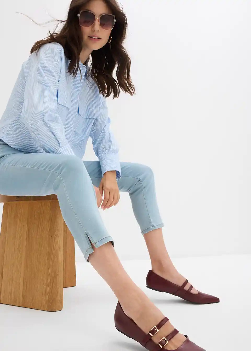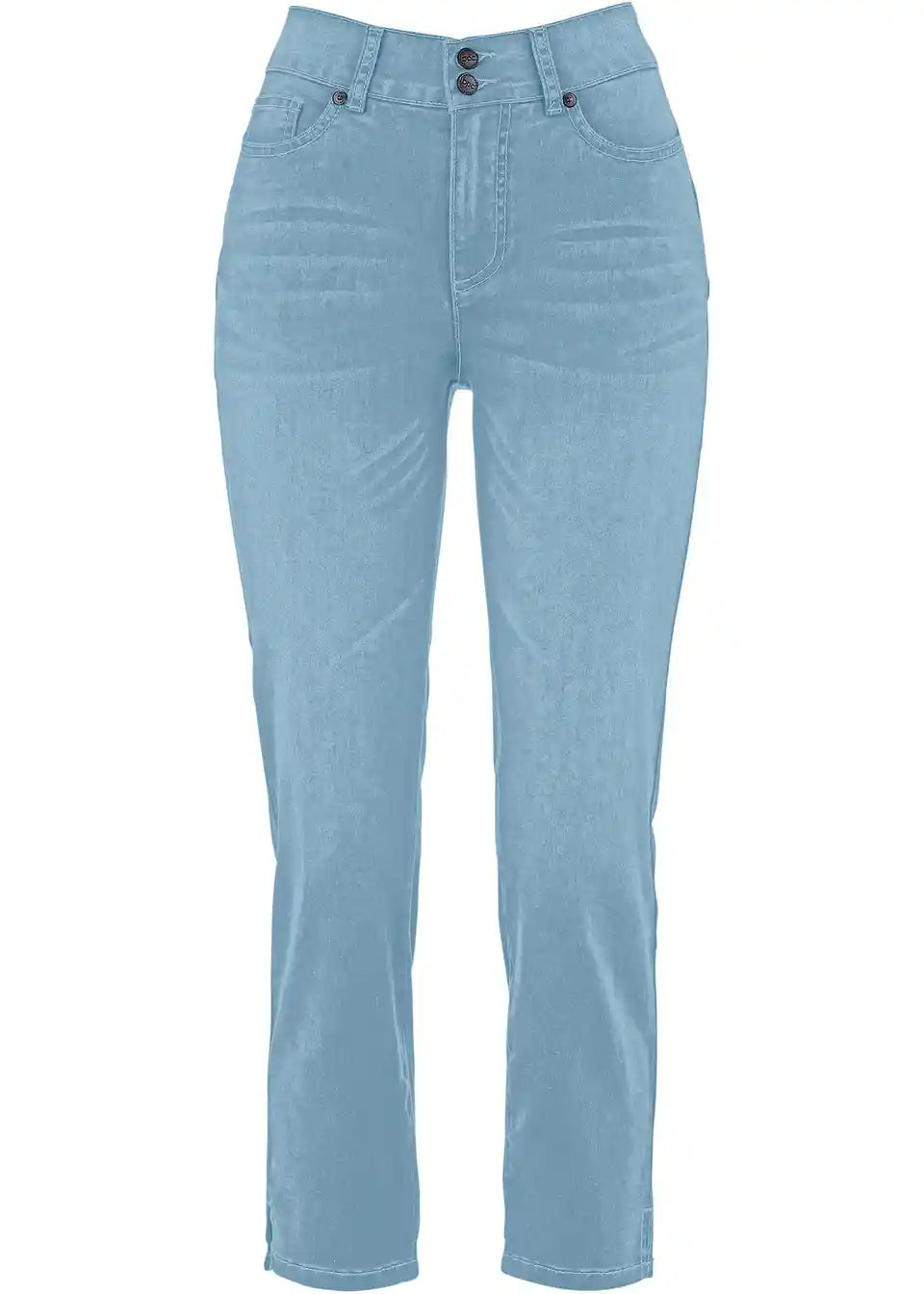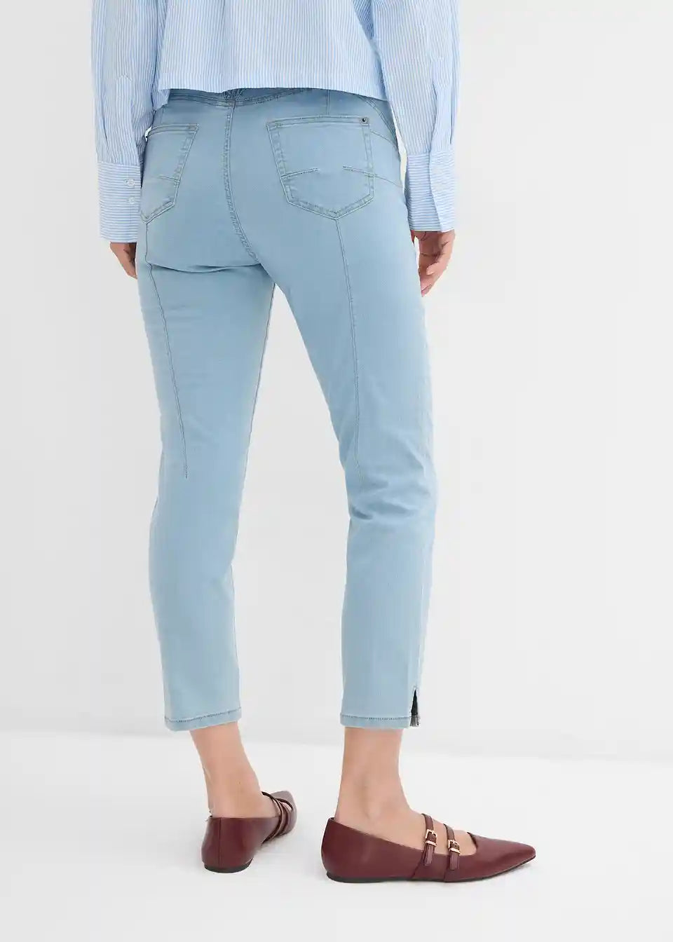 Ove 7/8 traperice udobne su za nošenje i istovremeno oblikuju lijepu figuru. Posebno pozicionirani šavovi na nogavicama i stražnjici vizualno ističu figuru. Stražnji prošiveni umetci i visok udio elastana u hlačama osiguravaju dodatnu udobnost. Push-up rastezljive traperice s prorezom imaju podignuti struk. Model marke bpc ima ravan kroj nogavica i kopča se na gumb i patentni zatvarač.
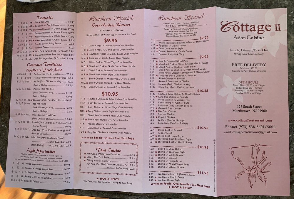 Introducing Cottage II Hunan & Szechuan, a Chinese restaurant located in Morristown, NJ. This establishment offers a range of amenities such as reservations, delivery, takeout, vegan options, catering, and more. Customers praise the cleanliness, friendly service, and comfortable atmosphere.
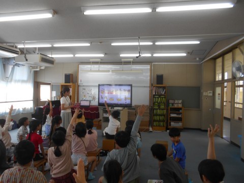 オーケストラの鑑賞の前に、いろいろな楽器の名前を確認していました!今までに学習したことや、生活の経験から知っている楽器名前を発表していました!!
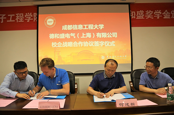 何建新代表学校与德和盛电气(上海)有限公司ALEXANDRE LICINA续签了校企战略合作协议,继续深入双方的合作与交流。
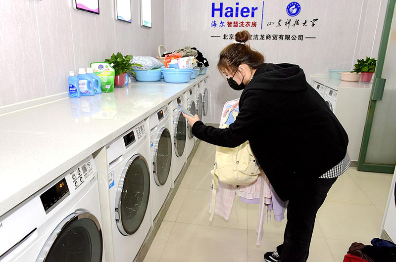 易游在线建“智慧洗衣房”,学生可扫码洗衣。(任波/摄)
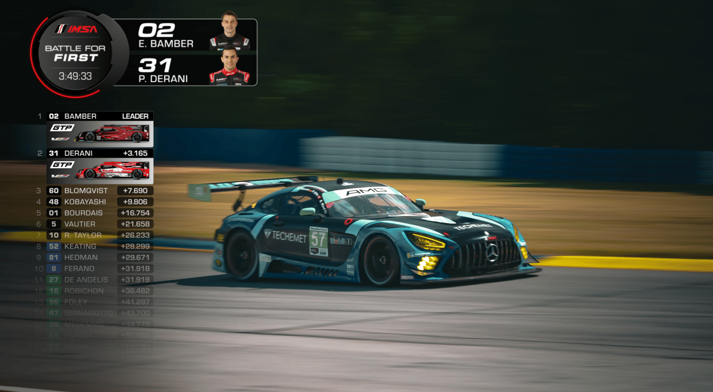 Our design team researched and explored a variety of directions to create a new design system for the IMSA World Feed broadcast. We aimed to create a more modern, fresh, yet sophisticated look and feel for the package.
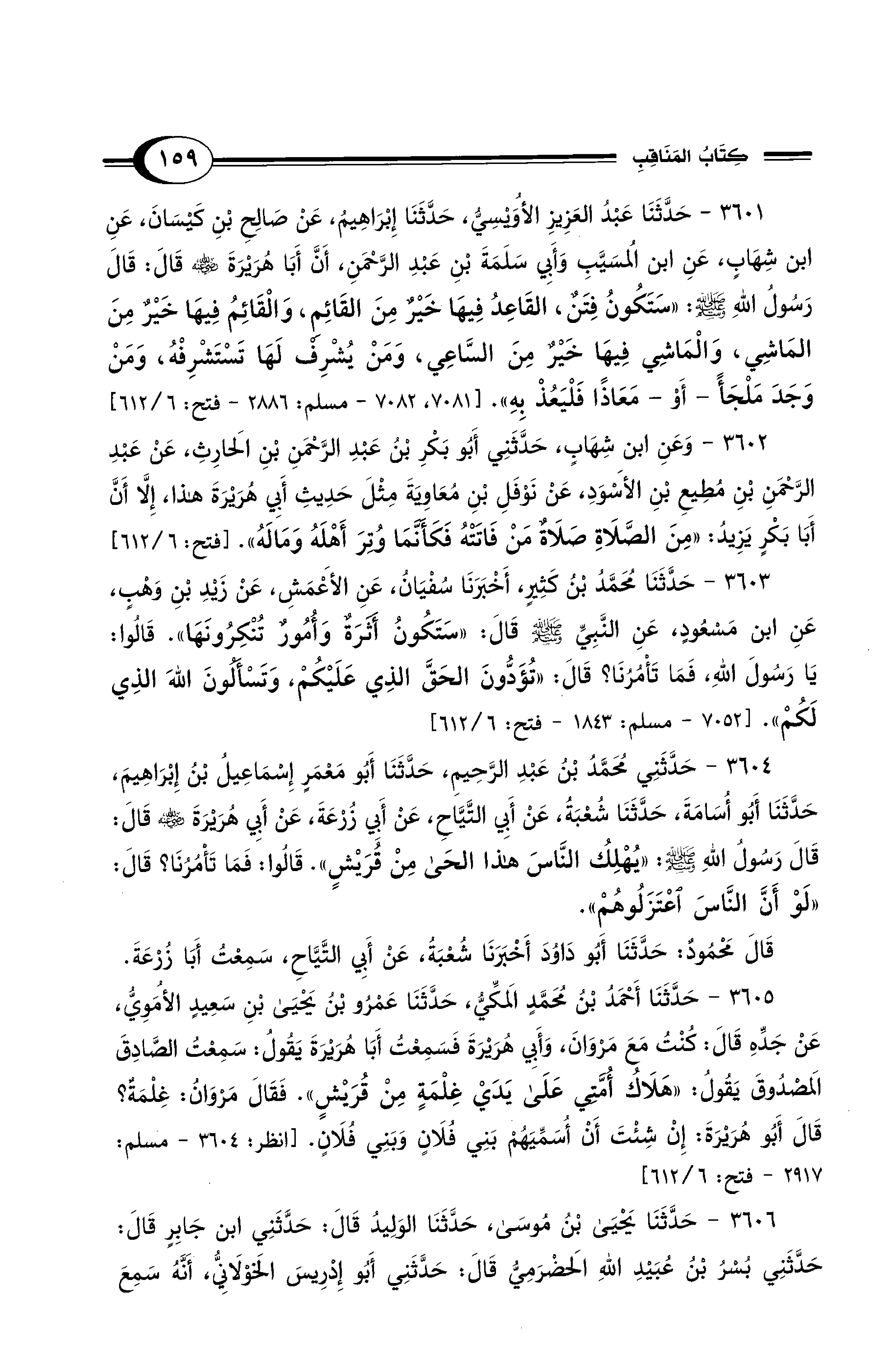 3601 - حَدَّثَنَا عَبْدُ العَزِيزِ الأُوَيْسِيُّ, حَدَّثَنَا إِبْرَاهِيمُ, عَنْ صَالِحِ بْنِ كَيْسَانَ, عَنِ ابْنِ شِهَابٍ, عَنِ ابْنِ المُسَيَّبِ وَأَبِي سَلَمَةَ بْنِ عَبْدِ الرَّحْمَنِ, أَنَّ أَبَا هُرَيْرَةَ - رضي الله عنه - قَالَ: قَالَ رَسُولُ اللهِ - صلى الله عليه وسلم -: «سَتَكُونُ فِتَنٌ، القَاعِدُ فِيهَا خَيْرٌ مِنَ القَائِمِ، وَالْقَائِمُ فِيهَا خَيْرٌ مِنَ الْمَاشِي، وَالْمَاشِي فِيهَا خَيْرٌ مِنَ السَّاعِي، وَمَنْ يُشْرِفْ لَهَا تَسْتَشْرِفْهُ، وَمَنْ وَجَدَ مَلْجَأً -أَوْ- مَعَاذًا فَلْيَعُذْ بِهِ». [انظر: 7081, 7082 - مسلم: 2886 - فتح: 6/ 612]

> **Exercise**
You are asked to reproduce each line above exactly, but to exclude the pictures.

> **Exercise answer**
 Ove 7/8 traperice udobne su za nošenje i istovremeno oblikuju lijepu figuru. Posebno pozicionirani šavovi na nogavicama i stražnjici vizualno ističu figuru. Stražnji prošiveni umetci i visok udio elastana u hlačama osiguravaju dodatnu udobnost. Push-up rastezljive traperice s prorezom imaju podignuti struk. Model marke bpc ima ravan kroj nogavica i kopča se na gumb i patentni zatvarač.
 Introducing Cottage II Hunan & Szechuan, a Chinese restaurant located in Morristown, NJ. This establishment offers a range of amenities such as reservations, delivery, takeout, vegan options, catering, and more. Customers praise the cleanliness, friendly service, and comfortable atmosphere.
 オーケストラの鑑賞の前に、いろいろな楽器の名前を確認していました!今までに学習したことや、生活の経験から知っている楽器名前を発表していました!!
 何建新代表学校与德和盛电气(上海)有限公司ALEXANDRE LICINA续签了校企战略合作协议,继续深入双方的合作与交流。
 易游在线建“智慧洗衣房”,学生可扫码洗衣。(任波/摄)
 Our design team researched and explored a variety of directions to create a new design system for the IMSA World Feed broadcast. We aimed to create a more modern, fresh, yet sophisticated look and feel for the package.
 3601 - حَدَّثَنَا عَبْدُ العَزِيزِ الأُوَيْسِيُّ, حَدَّثَنَا إِبْرَاهِيمُ, عَنْ صَالِحِ بْنِ كَيْسَانَ, عَنِ ابْنِ شِهَابٍ, عَنِ ابْنِ المُسَيَّبِ وَأَبِي سَلَمَةَ بْنِ عَبْدِ الرَّحْمَنِ, أَنَّ أَبَا هُرَيْرَةَ - رضي الله عنه - قَالَ: قَالَ رَسُولُ اللهِ - صلى الله عليه وسلم -: «سَتَكُونُ فِتَنٌ، القَاعِدُ فِيهَا خَيْرٌ مِنَ القَائِمِ، وَالْقَائِمُ فِيهَا خَيْرٌ مِنَ الْمَاشِي، وَالْمَاشِي فِيهَا خَيْرٌ مِنَ السَّاعِي، وَمَنْ يُشْرِفْ لَهَا تَسْتَشْرِفْهُ، وَمَنْ وَجَدَ مَلْجَأً -أَوْ- مَعَاذًا فَلْيَعُذْ بِهِ». [انظر: 7081, 7082 - مسلم: 2886 - فتح: 6/ 612]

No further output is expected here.